Un programme de drone spatial pour l’armée de l’Air et de l’Espace sera-t-il retenu par le plan de relance?

Ce 24 juillet, la ministre des Armées, Florence Parly, doit assister à la prise de commandement de l’École de l’Air par Mme le général Dominique Arbiol [qui tient à l’usage du masculin pour son grade, avance Le Figaro. À cette occasion, elle va officialiser la nouvelle appellation « armée de l’Air et de l’Espace », comme cela avait été annoncé l’an passé, au moment de la publication de la stratégie militaire spatiale française.

Dans un entretien donné au quotidien La Provence, Mme Parly a ainsi expliqué que l’espace est désormais devenu un « milieu de confrontation éventuelle », avec des puissances qui s’y disputent « la suprématie mondiale ». Et un nouvel exemple vient d’en être donné avec les accusations portées contre la Russie par le général John Raymond, le commandant de l’US Space Force.

Ainsi, ce dernier a confié à l’hebdomadaire Time que la Russie avait « conduit un test non-destructeur d’une arme anti-satellite depuis l’espace » le 15 juillet. D’après lui, l’engin Kosmos-2543, libéré par le satellite Kosmos-2542 dix jours après son lancement depuis le cosmodrome de Plessetsk, en novembre 2019, aurait « tiré un projectile », désigné « Objet 45915 », alors qu’il manoeuvrait autour du satellite Kosmos-2535.

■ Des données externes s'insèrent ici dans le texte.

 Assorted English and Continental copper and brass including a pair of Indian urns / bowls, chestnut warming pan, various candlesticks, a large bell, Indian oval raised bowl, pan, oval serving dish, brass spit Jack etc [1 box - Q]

En février dernier, les États-Unis avait accusé déjà les engins Kosmos-2542 et Kosmos-2543 de s’intéresser d’un peu trop près au satellite USA-245, exploité depuis 2013 par le National Reconnaissance Office [NRO].

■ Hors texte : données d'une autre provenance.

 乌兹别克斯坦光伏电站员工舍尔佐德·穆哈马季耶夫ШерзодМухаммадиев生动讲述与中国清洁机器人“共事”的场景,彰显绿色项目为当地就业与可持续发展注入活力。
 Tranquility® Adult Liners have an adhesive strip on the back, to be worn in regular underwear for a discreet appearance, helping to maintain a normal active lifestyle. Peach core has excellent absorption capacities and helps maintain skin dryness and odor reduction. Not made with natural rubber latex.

« Le test de la semaine dernière est un nouvel exemple que les menaces contre les installations spatiales des États-Unis et de ses alliés sont réelles, sérieuses et croissantes » a fait valoir l’US Space Command, via un communiqué.

En 2018, la France a également dénoncé l’activité de l’engin russe LUCH-OLYMP autour du satellite franco-italien de communications militaires Athena-Fidus. Un incident qui a servi de fil rouge à l’élaboration de la stratégie spatiale militaire dévoilée l’an dernier. Cela étant d’autres pays développent – ou ont déjà développé – des capacités anti-satellites, comme les États-Unis, la Chine et, plus récemment, l’Inde.

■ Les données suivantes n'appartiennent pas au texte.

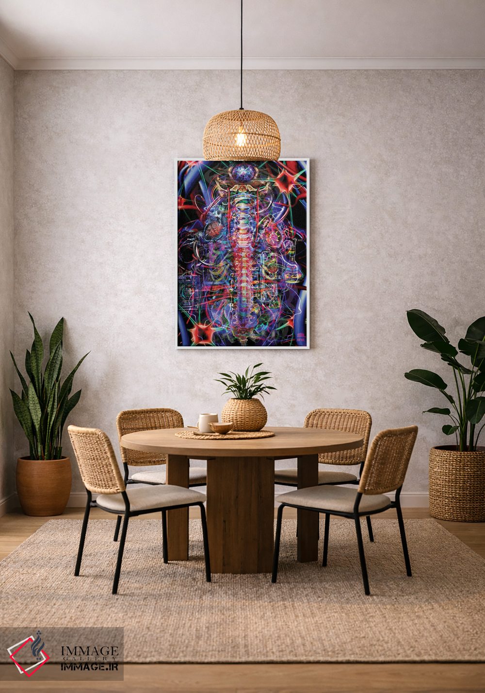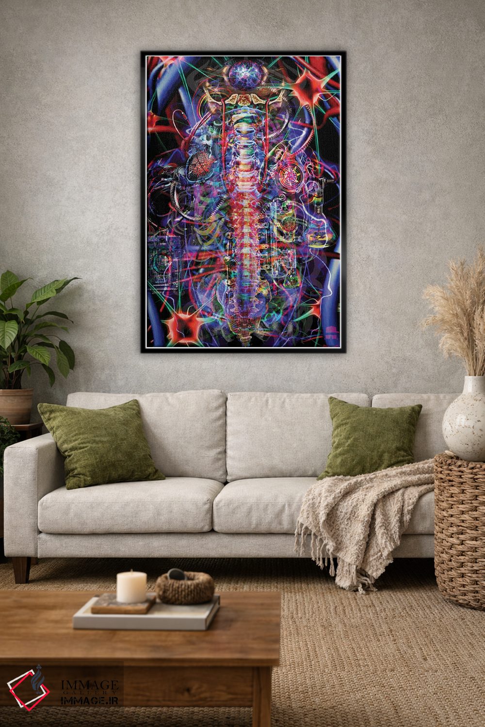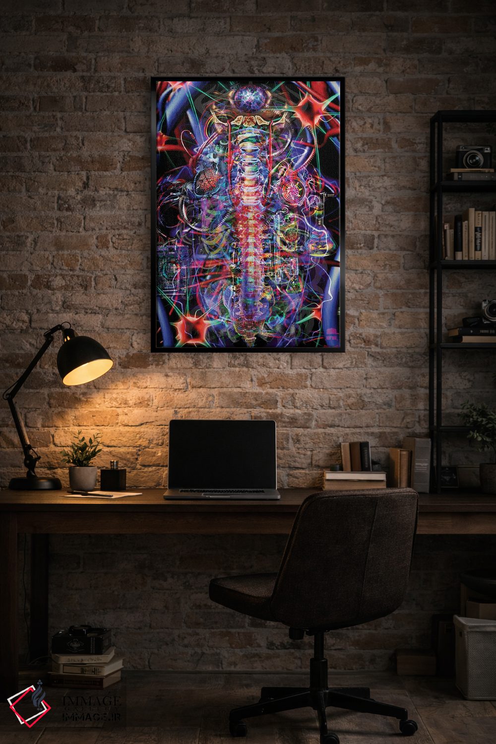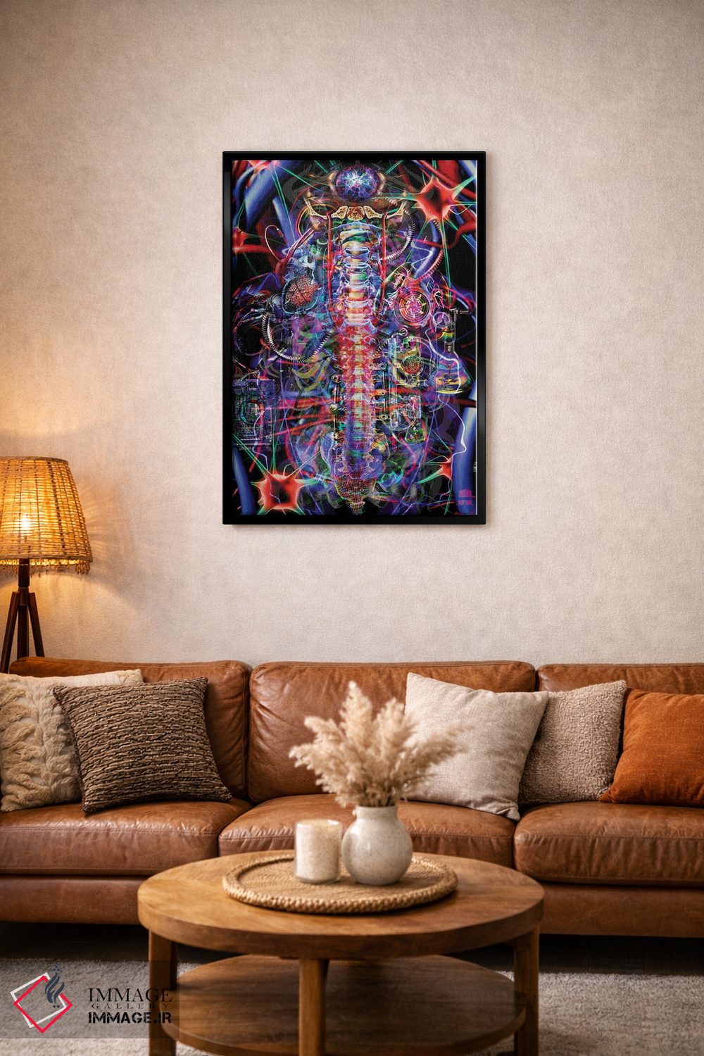 «ستون فقرات» اثرِ «جامبی (نام هنری/لقب)» با حالوهوای دکوراسیون جایگزین و موضوعِ این اثر، برای فضاهای خلاقانه و متفاوت انتخابی جسورانه اما مرتب است.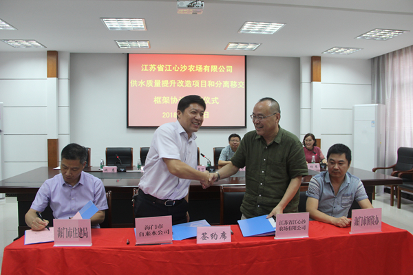 沈雪松表示,非常榮幸能夠見證江心沙農(nóng)場改革進程中具有里程碑意義的節(jié)點和事件。他說,江心沙從地理位置和感情上來講,和海門相濡以沫、唇齒相依,是一家人、一體化的。多年以來,場地之間一直相互支持、相互配合,共同促進、共同發(fā)展?,F(xiàn)根據(jù)上級要求,作為住建系統(tǒng),有責(zé)任有義務(wù)支持好江心沙的每一項改革。此前,海門市自來水公司與江心沙也進行了多次的磋商,前期工作已基本就緒,到了成熟階段。今天正式簽訂框架協(xié)議,標(biāo)志著江心沙供水質(zhì)量提升改造工程正式拉開了序幕。希望市自來水公司在以后的具體施工過程中,精心組織,按照時間節(jié)點,高質(zhì)量高標(biāo)準(zhǔn)完成場域供水改造工程。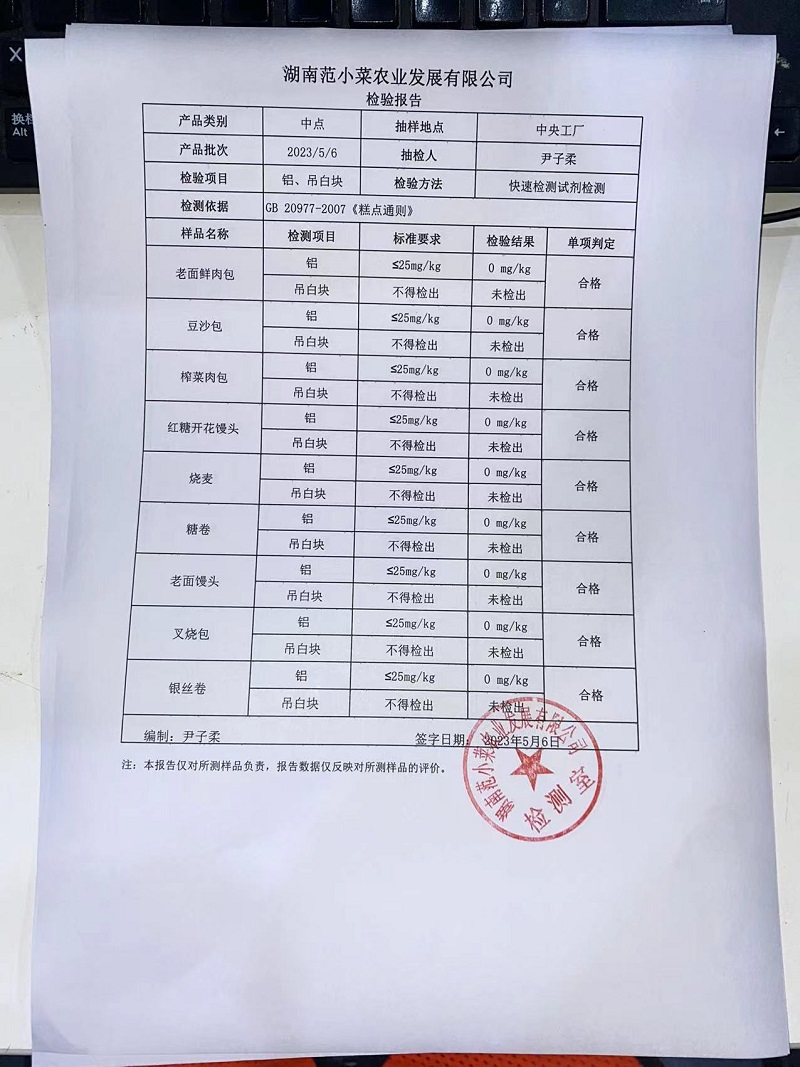 范小菜热食肉制品、调味料、 一品佳、范小菜中点、水产、农残、速冻米面制品2023.5.6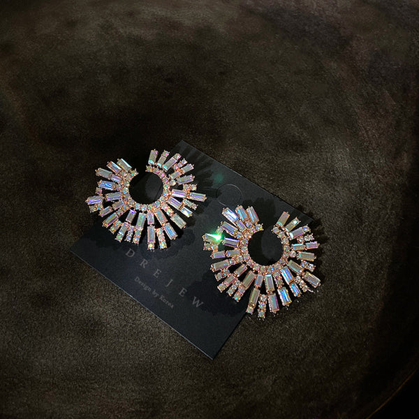 Elevate your accessory game with the Rhinestone Stud Earrings, where geometric allure meets retro charm. These earrings shimmer with a carefully curated array of rhinestones, mirroring the glamor of Hollywood's golden age while showcasing a bold design that exudes confidence. Crafted from a copper alloy, they offer secure wear with their push-back finding, making every appearance a cinematic moment. Perfect for any occasion, they will undoubtedly enhance your look and leave a lasting impression.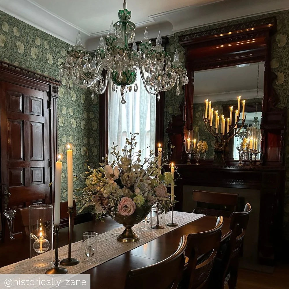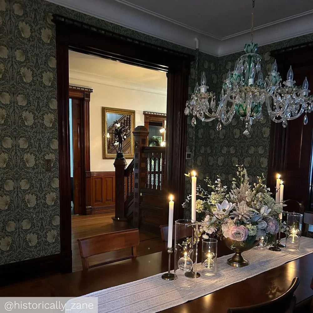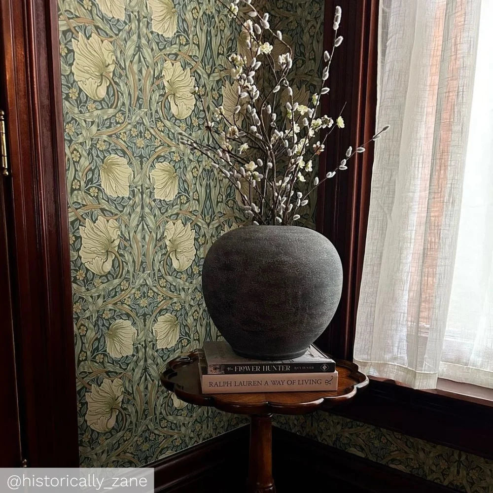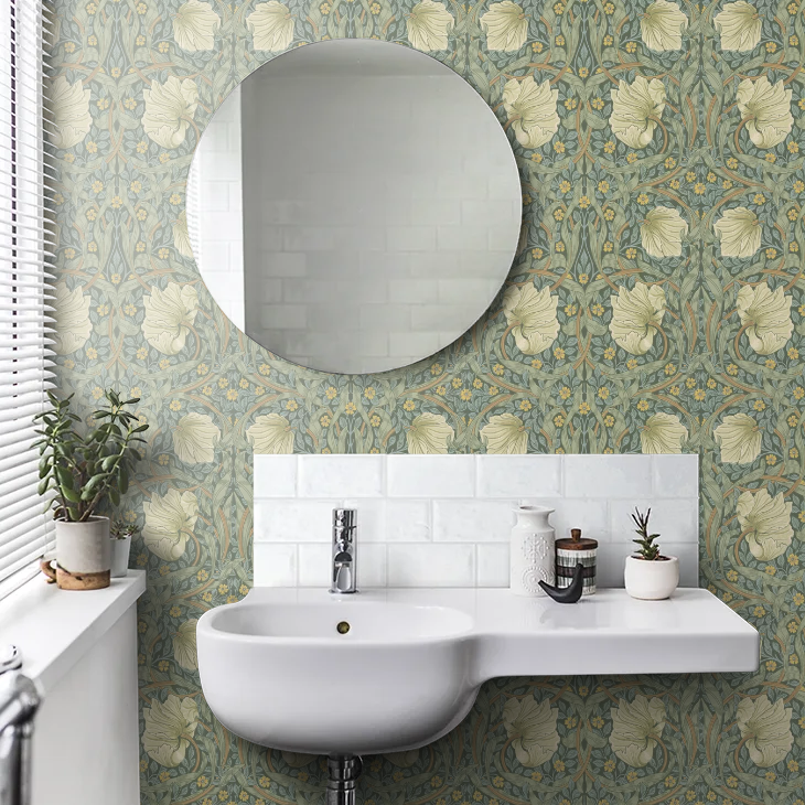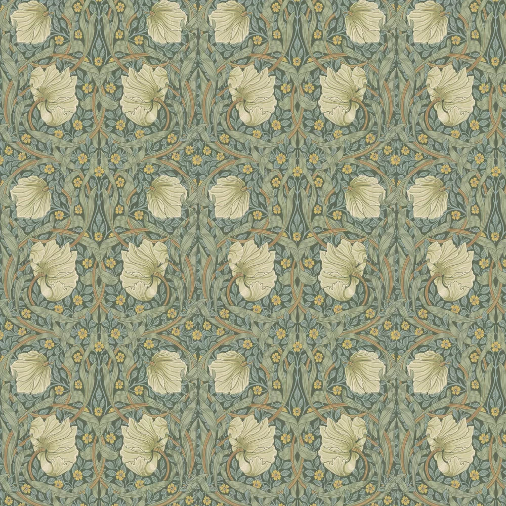 A stunningly beautiful classic Morris style floral trellis with circular shapes and a strong symmetrical pattern within the leaves. Shown in soft shades of green with blue and yellow details – available in other colours. An exclusive colourway, created exclusively on a non-woven paper.

« Le constat était que des satellites pouvaient désormais s’approcher des nôtres pour les brouiller ou les endommager, voire les détruire. Ceci a évidemment une importance très grande pour nos activités civiles et militaires car nos armées utilisent de plus en plus l’espace pour leurs propres opérations », a rappelé Mme Parly dans les colonnes de La Provence. Et d’ajouter : « Nous ne sommes en aucun cas engagés dans une course aux armements » mais « il est également de ma responsabilité d’être certaine d’avoir parfaitement identifié les menaces auxquelles notre pays est potentiellement confronté. »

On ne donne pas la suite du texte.